To run the pipeline directly from the DevKit, first stop the running process, then execute the command below.

This approach offers greater flexibility for debugging the pipeline without relying on the MPK process. It also demonstrates how the pipeline can be integrated into a larger application in standalone mode. For example, you can add the command to the DevKit’s startup script to automatically run the pipeline at boot.
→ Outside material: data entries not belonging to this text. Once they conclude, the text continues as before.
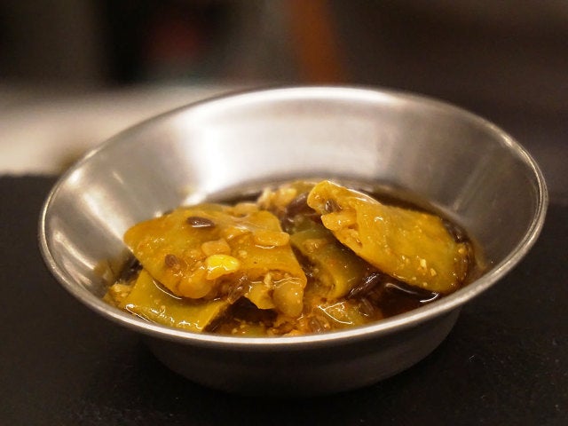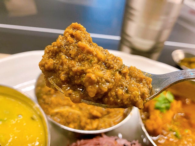 実山椒の刺激で痺れた舌を癒してくれるのが、ココナッツ特有の甘い香りが嬉しい「焦がしマスタードシードココナッツ」。だが食べ進むうちに、炒って黒くなるまで焦がしたマスタードシードの香りと辛みがジワジワ迫ってくる。種のプチプチした食感もクセになりそうだ。
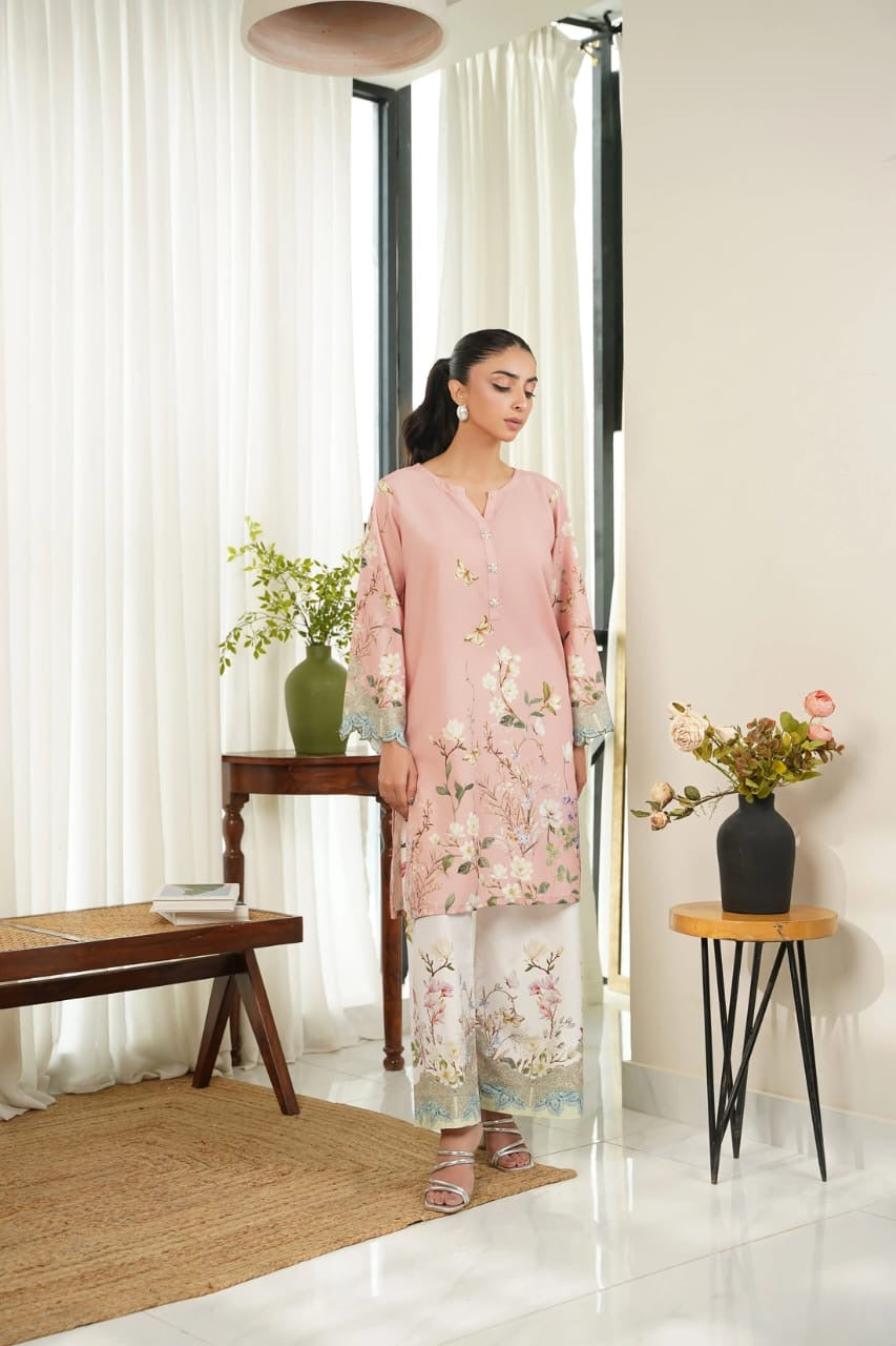 A graceful 2-piece ensemble in a soft blush pink hue, adorned with delicate floral prints and subtle butterfly accents. The straight-cut shirt features intricately embroidered lace-trim sleeves, paired with digitally printed trousers finished with a pastel blue border, creating an effortlessly elegant and feminine look.
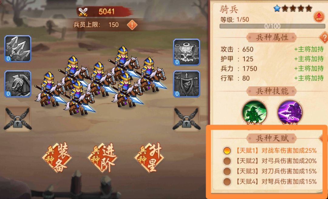 4.兵种天赋:即为兵种之间的相互克制关系,拥有天赋就能对对应的兵种造成伤害增加,例如骑兵天赋1对战车伤害增加25%,那么当兵种战时我方使用骑兵军团攻击对面战车军团时就可以伤害增加25%。
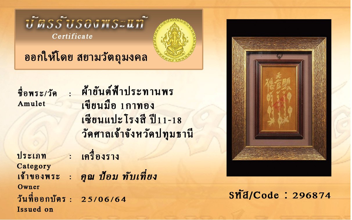 รหัสสินค้า : 296874 ผ้ายันต์ฟ้าประทานพร เขียนมือ 1กาทอง เซียนแปะโรงสี ปี11-18 วัดศาลเจ้าจังหวัดปทุมธานี
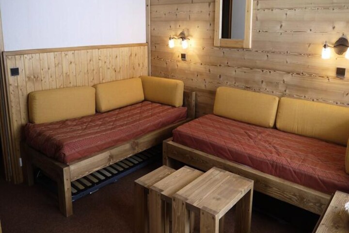 High above the picturesque slopes of Méribel Mottaret, this charming alpine apartment invites you to experience the perfect blend of comfort and convenience. Situated in the Arpasson residence in the Laitelet district, this ski-in/ski-out retreat offers unparalleled access to the pristine pistes of the Three Valleys, making it a dream destination for winter sports enthusiasts. From your private balcony, take in breathtaking views of the surrounding peaks and feel the crisp mountain air as you plan your next adventure. \n\nInside, the apartment is thoughtfully designed to accommodate up to five guests. The living room features two cozy sofa beds, a trundle bed, and a television, creating a welcoming space to relax after a day on the slopes. The separate bedroom offers a comfortable double bed, while the fully renovated kitchen (2024) is equipped with modern appliances, including electric hobs, a dishwasher, an oven, and a coffee maker, ensuring all the comforts of home. The updated bathroom and separate toilet add to the convenience, while the ski locker and elevator enhance the practicality of your stay.\n\nThe Laitelet district is a skier’s paradise, with direct access to the slopes and proximity to the Hameau shopping center for all your essentials. The free Méribus shuttle or Chalets cable car easily connects you to the vibrant center of Méribel Mottaret, where you can explore charming shops, après-ski spots, and local dining options. \n\nWhether you’re here to carve through fresh powder, explore scenic trails, or simply unwind in the serene alpine atmosphere, this apartment offers the ideal base for an unforgettable mountain getaway.

davinci:/var/log$ sudo kill $(pgrep -f gst_app)
davinci:/var/log$ sudo  GST_DEBUG=3 LD_LIBRARY_PATH=/data/simaai/applications/resnet50_mpk/lib GST_PLUGIN_PATH=/data/simaai/applications/resnet50_mpk/lib /data/simaai/applications/resnet50_mpk/bin/gst_app --manifest-json=/data/simaai/applications/resnet50_mpk/manifest.json --gst-string="simaaisrc location=/data/simaai/applications/resnet50_mpk/etc/input_image720.rgb node-name=input blocksize=2764800 delay=1 mem-target=0 ! 'video/x-raw, format=(string)RGB, width=(int)1280, height=(int)720' ! simaaiprocesscvu_new name=simaai_gen_preproc_1 !  simaaiprocessmla_new name=simaai_process_mla_1 ! simaaiprocesscvu_new name=simaai_detesdequant_1 ! 'application/vnd.simaai.tensor, format=(string)DETESSDEQUANT' ! simple_overlay config=/data/simaai/applications/resnet50_mpk/etc/overlay.json"

The command is constructed with the following parts:

  • GST_DEBUG: standard gstreamer debug level environment.

  • LD_LIBRARY_PATH: path to the library.

  • GST_PLUGIN_PATH: path to the plugin.

  • /data/simaai/applications/resnet50_mpk/bin/gst_app: the path to the gst_app binary.

  • --manifest-json: the path to the manifest.json file.

  • --gst-string: the gstreamer pipeline string. You can get this string from the manifest.json file, or using the command mentioned in the beginning of this step to get the full cmdline.